## [The data]
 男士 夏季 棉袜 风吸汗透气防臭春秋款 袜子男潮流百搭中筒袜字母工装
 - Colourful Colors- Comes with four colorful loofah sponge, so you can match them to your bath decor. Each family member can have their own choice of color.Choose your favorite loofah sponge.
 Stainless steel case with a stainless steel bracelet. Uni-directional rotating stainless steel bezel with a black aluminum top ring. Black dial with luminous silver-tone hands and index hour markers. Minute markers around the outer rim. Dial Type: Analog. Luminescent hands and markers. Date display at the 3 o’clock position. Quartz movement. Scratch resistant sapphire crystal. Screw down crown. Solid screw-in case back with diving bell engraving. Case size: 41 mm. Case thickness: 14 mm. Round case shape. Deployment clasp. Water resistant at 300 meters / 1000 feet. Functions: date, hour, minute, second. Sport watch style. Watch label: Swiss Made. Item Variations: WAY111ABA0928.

--

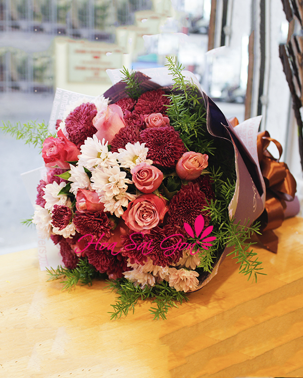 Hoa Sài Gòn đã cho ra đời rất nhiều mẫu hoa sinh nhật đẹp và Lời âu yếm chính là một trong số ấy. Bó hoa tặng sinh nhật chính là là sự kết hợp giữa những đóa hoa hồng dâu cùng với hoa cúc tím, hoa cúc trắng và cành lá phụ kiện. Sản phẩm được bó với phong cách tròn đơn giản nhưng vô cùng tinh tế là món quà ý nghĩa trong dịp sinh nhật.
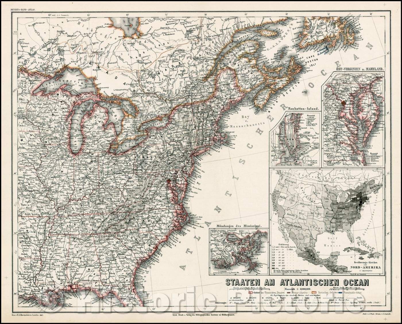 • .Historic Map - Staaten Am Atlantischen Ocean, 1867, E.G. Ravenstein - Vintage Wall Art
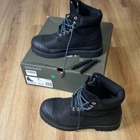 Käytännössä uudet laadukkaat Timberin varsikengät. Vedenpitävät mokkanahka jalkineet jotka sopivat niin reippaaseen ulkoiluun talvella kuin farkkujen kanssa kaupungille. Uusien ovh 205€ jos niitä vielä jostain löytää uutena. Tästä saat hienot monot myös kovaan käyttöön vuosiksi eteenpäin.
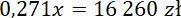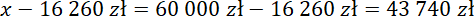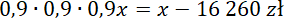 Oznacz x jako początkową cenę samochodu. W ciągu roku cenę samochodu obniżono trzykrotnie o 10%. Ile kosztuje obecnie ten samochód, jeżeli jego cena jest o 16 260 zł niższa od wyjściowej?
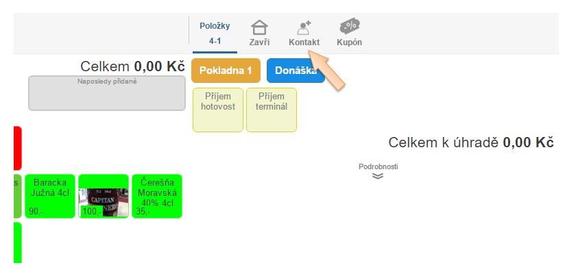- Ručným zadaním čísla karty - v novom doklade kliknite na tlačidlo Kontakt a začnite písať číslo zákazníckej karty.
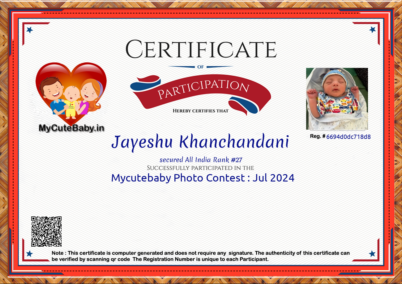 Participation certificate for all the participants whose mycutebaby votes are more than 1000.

* * *

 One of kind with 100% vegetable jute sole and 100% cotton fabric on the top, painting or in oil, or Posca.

## [Task statement]
Within the entries above, the lines from the one containing "Käytännössä uudet laadukkaat" through the one containing "Participation certificate for" are to be transcribed exactly, ends included, pictures excluded.

## [Response below]
 Käytännössä uudet laadukkaat Timberin varsikengät. Vedenpitävät mokkanahka jalkineet jotka sopivat niin reippaaseen ulkoiluun talvella kuin farkkujen kanssa kaupungille. Uusien ovh 205€ jos niitä vielä jostain löytää uutena. Tästä saat hienot monot myös kovaan käyttöön vuosiksi eteenpäin.
 Oznacz x jako początkową cenę samochodu. W ciągu roku cenę samochodu obniżono trzykrotnie o 10%. Ile kosztuje obecnie ten samochód, jeżeli jego cena jest o 16 260 zł niższa od wyjściowej?
- Ručným zadaním čísla karty - v novom doklade kliknite na tlačidlo Kontakt a začnite písať číslo zákazníckej karty.
 Participation certificate for all the participants whose mycutebaby votes are more than 1000.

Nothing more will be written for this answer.